The problem:
Retype the data that follows exactly. No pictures belong in the copy.

Provided material:
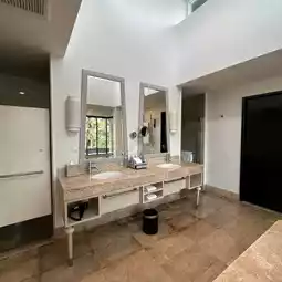 The room is much larger than I thought, clean, and there are welcome snacks. The bathroom is divided into sections. The shower area may be a bit dark. The shampoo, soap, and conditioner are very fragrant.
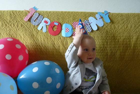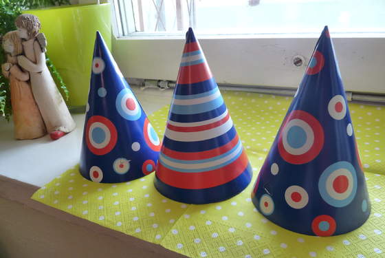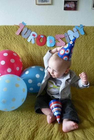 reszta w swoim czasie:) np świeczka w kropeczki:-D w ogóle kropeczkowo się zrobiło, bo dekoracje gromadziłam już od jakiegoś czasu. baner zrobiłam sama i już mam zamówienia na dwa dla koleżanek:-D czapeczki ze smyka ( Czekają na jutrzejszą imprezkę- na Olka i Kalinkę oraz może Julkę), literki m i cyferki 1 też wykleiłam, reszta ozdób kupna, ale jak znajdę chwilę- może jeszcze wieczorkiem coś wyczaruję. a najładniejsze balony- pomarańcz, brąz, zieleń w kropki zostawiam na imprezkę w górkach:-)
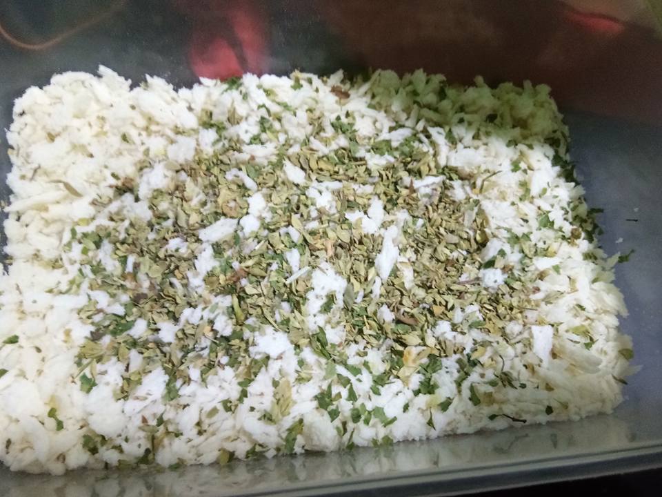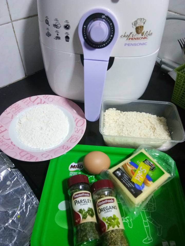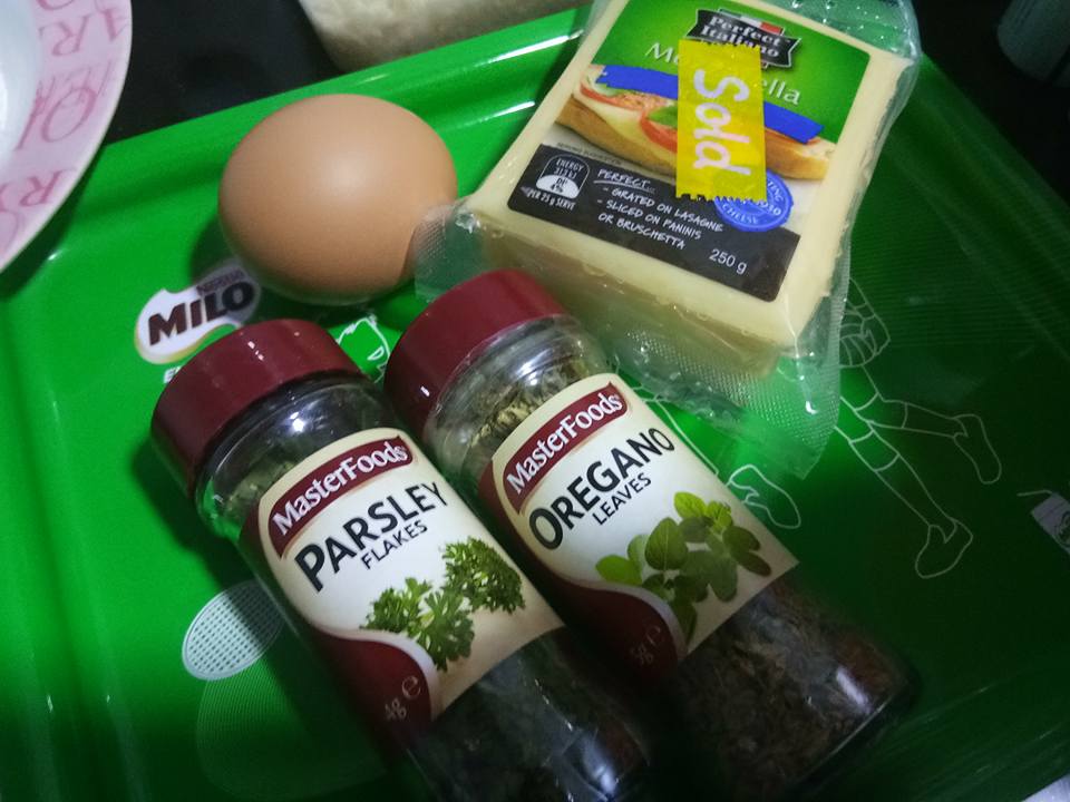 breadcumbs tadi di tambahkan sedikit oregano dan parsley . gaulkan rata.
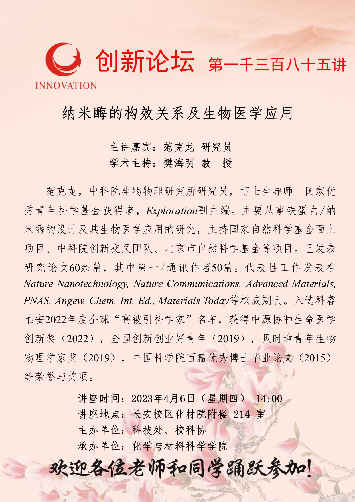 范克龙 研究员 乐投平台创新论坛第一千三百八十五讲:纳米酶的构效关系及生物医学应用 讲座时间 2023年4月6日(星期四) 14:00 讲座地点 长安校区化材院附楼 214 室 讲座人介绍 范克龙 研究员 讲座内容

Response to this exercise:
 The room is much larger than I thought, clean, and there are welcome snacks. The bathroom is divided into sections. The shower area may be a bit dark. The shampoo, soap, and conditioner are very fragrant.
 reszta w swoim czasie:) np świeczka w kropeczki:-D w ogóle kropeczkowo się zrobiło, bo dekoracje gromadziłam już od jakiegoś czasu. baner zrobiłam sama i już mam zamówienia na dwa dla koleżanek:-D czapeczki ze smyka ( Czekają na jutrzejszą imprezkę- na Olka i Kalinkę oraz może Julkę), literki m i cyferki 1 też wykleiłam, reszta ozdób kupna, ale jak znajdę chwilę- może jeszcze wieczorkiem coś wyczaruję. a najładniejsze balony- pomarańcz, brąz, zieleń w kropki zostawiam na imprezkę w górkach:-)
 breadcumbs tadi di tambahkan sedikit oregano dan parsley . gaulkan rata.
 范克龙 研究员 乐投平台创新论坛第一千三百八十五讲:纳米酶的构效关系及生物医学应用 讲座时间 2023年4月6日(星期四) 14:00 讲座地点 长安校区化材院附楼 214 室 讲座人介绍 范克龙 研究员 讲座内容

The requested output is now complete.